To determine whether the GSK3 inhibitor can also inhibit growth of patient-derived xenografts (PDXs), we used fresh tumor biopsies from three pancreatic cancer patients. Patient 1 (G12C mutant KRas; poorly differentiated T3N1 stage IIB) was refractory to neoadjuvant FOLFIRINOX (oxaliplatin (Eloxatin®), leucovirin, irinotecan, and fluorouracil)/radiation; patient 2 (G12V mutant KRas; poorly differentiated T3N1 stage IIB) had no therapy; and patient 3 (G12D mutant KRas; stage IV hepatic metastasis) progressed after gemcitabine (Gemzar)/abraxane (albumin-bound or nab-paclitaxel)/xeloda (Capecitabine) with radiation. Freshly resected tumors were subcutaneously implanted in NSG mice as previously described15 and randomized into vehicle (n = 10) or SB (n = 9–10) groups for each of the PDXs.
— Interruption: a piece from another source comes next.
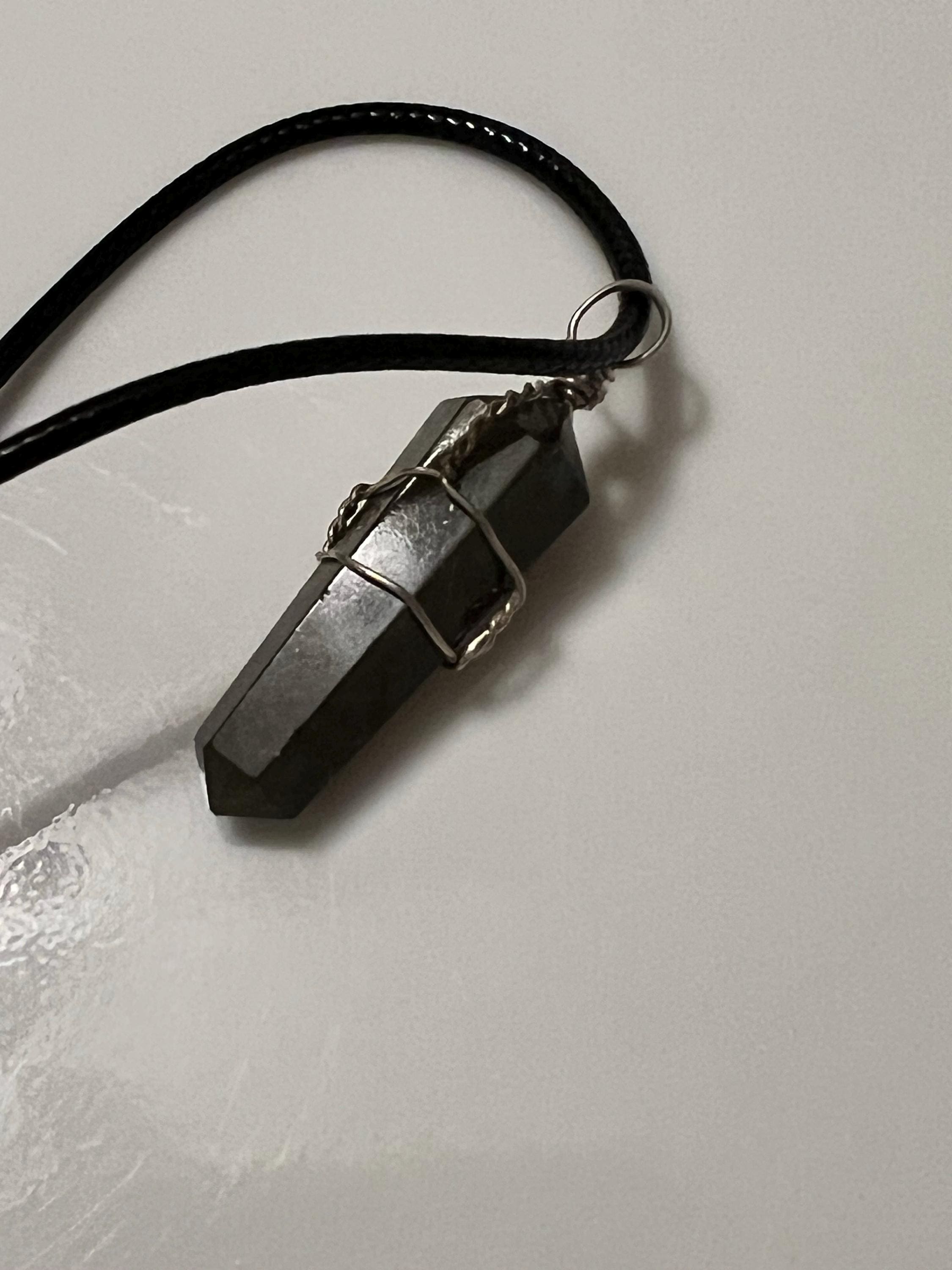 The labradorite pendant is approximately 1 inch long. It is a double terminated point wrapped in silver wire. Chain not included.

Throughout treatment, SB significantly inhibited tumor growth of all three PDXs (Fig. 3f–h). By the last day of vehicle treatment, PDXs from patients 1, 2, and 3 showed average growth of 531%, 492%, and 522%, respectively. In contrast, SB treatment resulted in only 179%, 232%, and 207% growth, respectively (Fig. 3f–h). Differences in tumor growth between vehicle- and SB-treated mice were statistically significant starting at day 3 (patient 1) and day 2 (patients 2 and 3) (Fig. 3f–h and Supplementary Fig. 4a–c).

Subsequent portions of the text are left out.